Model Overview
Description
This model performs visual feature extraction. Unlike standard Vision Transformers that produce a fixed 2D grid of patch features, RADIO1D compresses an input image into a compact, variable-length 1D sequence of tokens. The number of output tokens (from 1 up to 256) can be selected by the user at inference time, providing a continuous accuracy/efficiency trade-off. For example, an image can be summarized into a single token for retrieval, or expanded to 256 tokens for fine-grained tasks such as OCR.
RADIO1D was produced by fine-tuning C-RADIOv4-H using multi-teacher agglomerative distillation from:
The encoder integrates a learnable Patch Merging block (4× sequence-length reduction, 2× channel expansion) part-way through the network for efficiency, and a lightweight Vision Transformer decoder is used only during training to project the 1D tokens back into a 2D-compatible grid for teacher alignment. At inference, only the encoder runs.
This model is ready for commercial or non-commercial use.
License/Terms of Use
GOVERNING TERMS: Use of this model is governed by the NVIDIA Open Model License Agreement.
Deployment Geography
Global
Use Case
The embeddings generated by this model are expected to be used by a downstream application. The variable-length 1D token output makes RADIO1D especially well suited to:
- Integration into a Vision-Language Model with a user-tunable token budget per image (trade off accuracy vs. time-to-first-token).
- Image-level understanding (image classification, scene summarization, image curation).
- Composition-aware image-to-image retrieval (object presence and spatial arrangement).
- Dense processing (semantic segmentation) when a decoder is used.
Release Date
Hugging Face: 07/01/2026 via RADIO Collection of Models.
References
- RADIO1D paper: G. Heinrich, M. Ranzinger, C. McCarthy et al., "RADIO1D: Elastic Representations for Condensed Vision Modeling," ICML 2026.
- AM-RADIO (arXiv:2312.06709)
- RADIOv2.5 (arXiv:2412.07679)
- PHI-S / RADIO scaling (arXiv:2410.01680)
- C-RADIO (arXiv:2502.16025)
- C-RADIOv4 (arXiv:2601.17237)
Model Architecture
Architecture Type: Neural Network
Network Architecture: Vision Transformer with encoder-decoder for elastic 1D token generation
Number of model parameters: ~1.14B (encoder, used at inference); ~314M additional decoder parameters used only during training
The RADIO1D-H encoder is built from a ViT-H/16 backbone. Image patches (16×16 pixels) are flattened into a 1D sequence and processed by 24 transformer blocks at embedding dimension 1280, followed by a learnable Patch Merging block that groups 2×2 neighboring tokens (reducing sequence length by 4× and expanding the channel dimension by ρ=2 to 2560), followed by 8 further transformer blocks at the wider dimension. During training, a length ℓ is sampled stochastically from a triangular distribution p(x)=2−2x, and only the first ℓ encoder tokens are retained (a form of nested dropout). Earlier tokens are therefore encouraged to encode global, high-level semantics while later tokens specialize in finer details.

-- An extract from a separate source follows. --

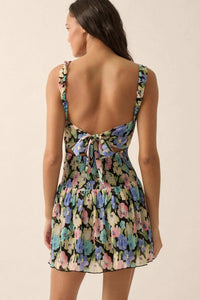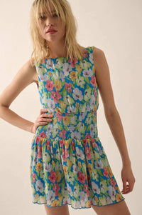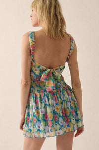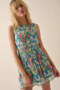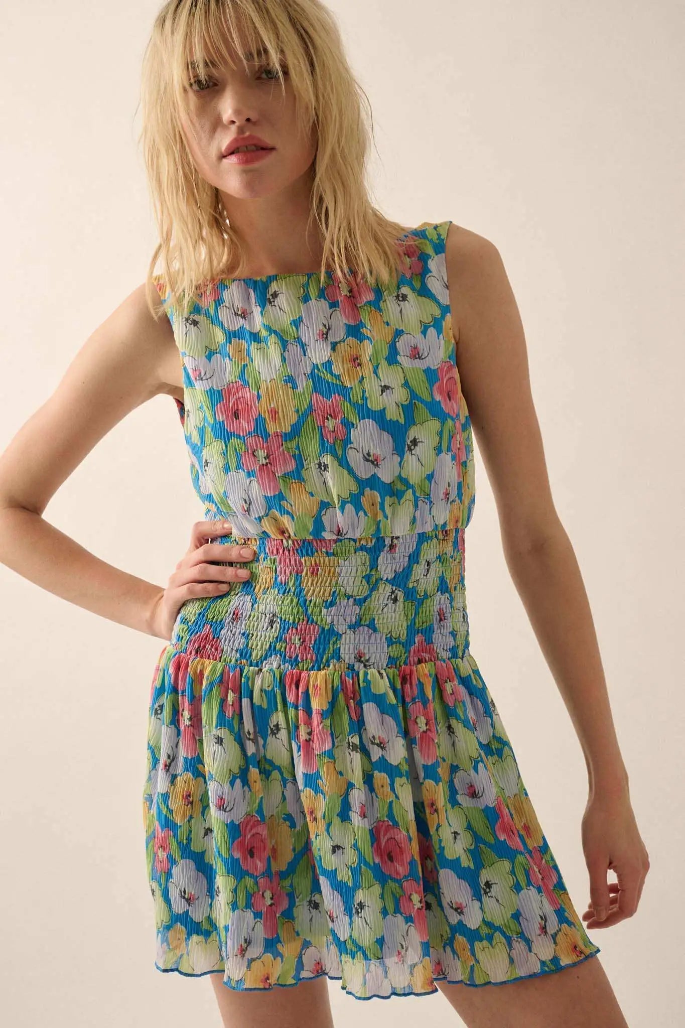 Rainbow Blooms Pleated Floral Mini Dress - ShopPromesa

A small ViT decoder (~314M parameters, 6 blocks with one Patch Splitting upscale) is used only during training. It receives duplicated learnable query tokens equal in number to the original patch grid plus the encoder's ℓ tokens as additional register tokens, and cross-attention reconstructs a 2D-compatible feature grid that is aligned to the teacher representations.

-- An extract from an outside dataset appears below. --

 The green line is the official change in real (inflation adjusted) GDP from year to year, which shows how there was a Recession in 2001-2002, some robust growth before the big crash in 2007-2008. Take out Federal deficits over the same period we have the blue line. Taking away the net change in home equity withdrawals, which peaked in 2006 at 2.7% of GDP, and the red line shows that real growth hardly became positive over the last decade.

At inference, only the encoder is used and the user specifies the desired number of output tokens.
Input
Input Type(s): Image
Input Format(s): Red, Green, Blue (RGB)
Input Parameters: Two Dimensional (2D)
Other Properties Related to Input: Image resolutions up to 2048×2048 in increments of 16 pixels. Training used a mix of low-resolution images (128, 192, 224, 256, 384, 432 px) and high-resolution images (512, 768, 1024, 1152 px).
Output
Output Type(s): Embeddings
Output Format: Tensor
Output Parameters: One Dimensional (1D) — variable-length sequence of tokens
Other Properties Related to Output: The encoder returns a sequence of prefix tokens (CLS + register tokens) followed by ℓ global 1D tokens, where ℓ is selected by the caller at inference (typical values: 1, 8, 32, 64, 128, 192, 224, 256). Tokens are ordered hierarchically: token 0 encodes the strongest global summary (e.g., 85.0% k-NN Top-1 on ImageNet-1k with a single token), and later tokens add progressively finer detail. A downstream model is required to leverage the image features. Our AI models are designed and/or optimized to run on NVIDIA GPU-accelerated systems. By leveraging NVIDIA's hardware (e.g., GPU cores) and software frameworks (e.g., CUDA libraries), the model achieves faster training and inference times compared to CPU-only solutions.
Software Integration
Runtime Engine(s):
- PyTorch
Supported Hardware Microarchitecture Compatibility:
- NVIDIA Ampere
- NVIDIA Blackwell
- NVIDIA Jetson
- NVIDIA Hopper
- NVIDIA Lovelace
- NVIDIA Pascal
- NVIDIA Turing
- NVIDIA Volta
[Preferred/Supported] Operating System(s):
- Linux
- Linux 4 Tegra
- QNX
- Windows
The integration of foundation and fine-tuned models into AI systems requires additional testing using use-case-specific data to ensure safe and effective deployment. Following the V-model methodology, iterative testing and validation at both unit and system levels are essential to mitigate risks, meet technical and functional requirements, and ensure compliance with safety and ethical standards before deployment.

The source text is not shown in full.